The global COVID-19 pandemic has illustrated how rapidly behaviours can shift towards caregiving and health as well as against it. Reports of violence against children have escalated as families experience increased economic, social, and health stress; schools, daycares and other places of child safety (and risk) closed; forced migration; and deepening inequalities (Bhatia, Citation2020). Pandemic recovery presents both an opportunity to transform health, education, and economic structures, and build more compassion and creativity into programming through stronger, locally-led partnerships.
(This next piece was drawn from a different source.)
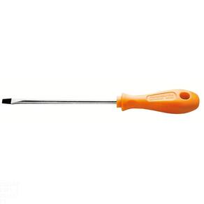 Seja em manutenções industriais ou automotivas, apertar ou afrouxar parafusos se torna mais fácil com a ajuda da Chave Twister da Tramontina PRO. Esta chave de fenda proporciona maior conforto e firmeza na utilização, devido as suas saliências no cabo. Ideal para trabalhos em locais de difícil acesso, aschaves estão disponíveis em ponta chata e cruzada, nos modelos tradicional e toco. É mais uma inovação que compõe a linha de ferramentas industriais da Tramontina PRO. Agilidade e eficiência: características de quem é PRO. Orientações Haste em aço cromo vanádio temperada.Acabamento cromado.Ponta fosfatizada e magnetizada.Cabo injetado.DIN ISO 2380.Ponta chata.As hastes das chaves de fenda são testadas em máquina de ensaio específica, para verificar o perfeito balanço entre resistência mecânica e dureza.Os dimensionais das pontas são verificados com gabaritos-padrão calibrados e certificados, e a qualidade do fosfato é inspecionada ao microscópio.Apertar ou afrouxar parafusos de fenda simples.As ferramentas são produzidas e testadas conforme normas específicas. Características Gerais EAN13 7891114069686 DUN14 17891114069683 NCM 8205.40.00 Peso Líquido 0,0720 kg. Peso Bruto 0,0750 kg. Metragem 0,000189 m³. Dimensões Embalagem (Compr. X Larg. X Alt.) 210x 30x 30 mm. Dimensões Produto (Compr. X Larg. X Alt.) 209x 30x 30 mm. Cor 1 EF8134 Hexa Dimensão Extra A 6,0 mm. Dimensão Extra B 209,0 mm. Dimensão Extra C 30,0 mm. Dimensão Extra D 100,0 mm. Dimensão Extra E 1,2 mm. Observações Use óculos, luvas e outros equipamentos de proteção individual (EPIs) de acordo com a tarefa a ser executada. Utilize chaves de fenda isoladas, identificadas pela marcação 1.000 V, quando for necessário trabalhar em locais com corrente elétrica. Importante: nestes casos, inspecione a integridade da isolação elétrica, e, se aparecerem trincas na isolação, suspenda o uso imediatamente. Utilize chaves com ponta adequada para cada tipo de fenda, para realizar a tarefa de forma mais rápida e segura. Respeite o torque estabelecido por norma para cada bitola. Não utilize as chaves de fenda como formão ou alavanca. Não altere as dimensões originais da ponta para obter outro perfil. Armazene em local limpo e seco.

Pandemic response and recovery also presents risks, as reverting back to a pre-pandemic status quo may not undo increased incidences of violence and harm that many children experience at home and online during the pandemic, nor reduce their risk for violence in schools, daycare centres and other settings. These four manuscripts focus on violence against children in LMICs and they point to similar issues of concern and justice in the high-income countries, where violence against children is also prevalent and increasing in the pandemic. If we are to reach the goals laid out in the SDGs, to prevent violence against children in all its forms, and ensure the safety, well-being and opportunity to thrive for all children, advancing our understanding of social and gender norms in relation to violence against children is critical to effective prevention intervention research, programming, and learning.

Disclosure statement

No potential conflict of interest was reported by the author(s).